DESCRIPTION OF THE TASK → Your output should be everything below from the line containing "O BYD K-Car, projetado" down to the line containing "Burgundy with white", both ends included, copied exactly, with pictures left out.

DATA FOR THE TASK →
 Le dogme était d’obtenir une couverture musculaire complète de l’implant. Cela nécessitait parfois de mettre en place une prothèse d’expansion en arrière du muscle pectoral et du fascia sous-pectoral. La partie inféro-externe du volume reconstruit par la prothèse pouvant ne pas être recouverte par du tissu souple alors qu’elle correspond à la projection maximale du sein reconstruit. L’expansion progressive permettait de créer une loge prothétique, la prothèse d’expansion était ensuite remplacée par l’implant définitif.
---
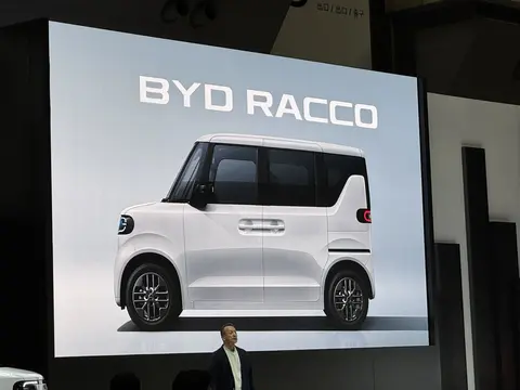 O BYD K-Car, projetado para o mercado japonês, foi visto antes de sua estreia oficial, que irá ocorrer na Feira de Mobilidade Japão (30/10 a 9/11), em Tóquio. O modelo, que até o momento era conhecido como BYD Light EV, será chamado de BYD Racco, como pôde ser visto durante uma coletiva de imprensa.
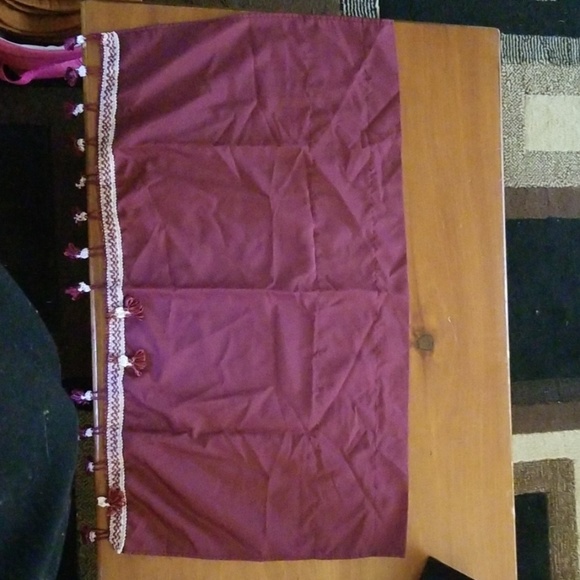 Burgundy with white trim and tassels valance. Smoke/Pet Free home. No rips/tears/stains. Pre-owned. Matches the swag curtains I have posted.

WRITTEN RESPONSE →
 O BYD K-Car, projetado para o mercado japonês, foi visto antes de sua estreia oficial, que irá ocorrer na Feira de Mobilidade Japão (30/10 a 9/11), em Tóquio. O modelo, que até o momento era conhecido como BYD Light EV, será chamado de BYD Racco, como pôde ser visto durante uma coletiva de imprensa.
 Burgundy with white trim and tassels valance. Smoke/Pet Free home. No rips/tears/stains. Pre-owned. Matches the swag curtains I have posted.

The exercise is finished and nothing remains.